Evaluation of the implementation and content of a core outcome set for medicines management interventions for people living with dementia: a structured literature review study

Abstract Introduction A core outcome set (COS) represents the minimum set of outcomes that should be reported in all trials related to a specific healthcare area.1 In 2019, a COS for medicines management interventions for people living with dementia (PLWD) was published.2 This COS included 21 outcomes with priority given to the seven highest ranking outcomes.2 However, utilisation of this COS and whether its content requires revision/updating should be evaluated.

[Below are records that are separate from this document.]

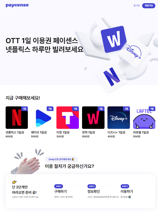 OTT 서비스를 1일 단위로 결제 해서 내가 보고 싶은것만 저렴하게 볼 수 있어서 좋을듯 하다.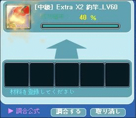 | マジっすかー(;^ω^) これはキツイっスねー^^: 自分はメンテギリギリにW竿作ったけど4回失敗w 40%ってなに??( ゚Д゚) |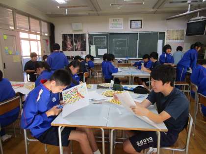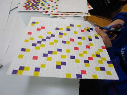 放課後 公開日 2019/10/17 更新日 2019/10/17 重要 ビッグアートに取り組むに取り組む係の生徒たち。 各学級で1枚1枚丁寧に、マス目を塗った用紙をいよいよ貼り合わせて行きます。 どんな絵が完成するのか、まだ誰にもわかりません。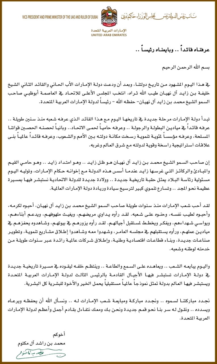 في هذا اليوم المشهود من تاريخ دولتنا، وبعد أن ودعت دولة الإمارات الأب الحاني والقائد الثاني الشيخ خليفة بن زايد آل نهيان، طيب الله ثراه، انتخب المجلس الأعلى للاتحاد في العاصمة أبوظبي، صاحب السمو الشيخ محمد بن زايد آل نهيان «حفظه الله» رئيساً لدولة الإمارات العربية المتحدة.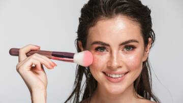 10. Na szczycie kości policzkowych nanieś rozświetlacz. Nieco produktu możesz także nałożyć pod łuki brwiowe, przy linii łez czy nad górną wargą.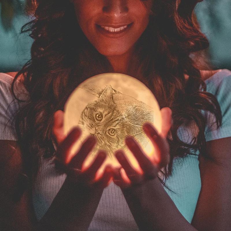 Mondlampe Mit 3d-fotogravur Für Tierliebhaber

Aim To assess implementation of the existing COS and its current content using a structured literature review, with a view to updating and refining the included outcomes.2 Methods Ovid MEDLINE, Embase, PsycINFO, CINAHL, Cochrane CENTRAL, and Web of Science, Research Registry, International Clinical Trials Registry Platform, and ClinicalTrials.gov were searched from 2016 (the cutoff date of the previous review informing the content of the current COS2) until April 2025 using search terms to identify outcomes being used in clinical trials since the original COS was developed.2 Randomised controlled trials (RCTs) or RCT protocols targeting medicines management interventions for PLWD and/or carers, and published in English were included. Information was extracted from included studies encompassing author names, country of study, description of intervention and control groups, and outcomes measured. Extracted outcomes were compared with the content of the COS.2 Findings were summarised using frequencies and presented in tables. Results In total, 553 articles were retrieved. Following removal of duplicate and non-English records, titles and abstracts of 356 records were screened, leaving 42 articles for full-text screening. Nineteen articles relating to 13 trials and six trial protocols were identified; most (n = 14) were published after publication of the COS. Although some of them used outcomes included in the COS, none of them explicitly cited the COS and several non-COS outcomes were used in the studies. Table 1 presents an overview of outcomes and their use in identified studies. Conclusion This study highlighted poor implementation of the existing COS in recent clinical trials. The main study limitation was the lack of standardised outcome definitions across studies and how this may have affected comparison with COS outcomes. This study highlights the need to update/revise the COS, explore reasons for poor implementation, and promote its uptake.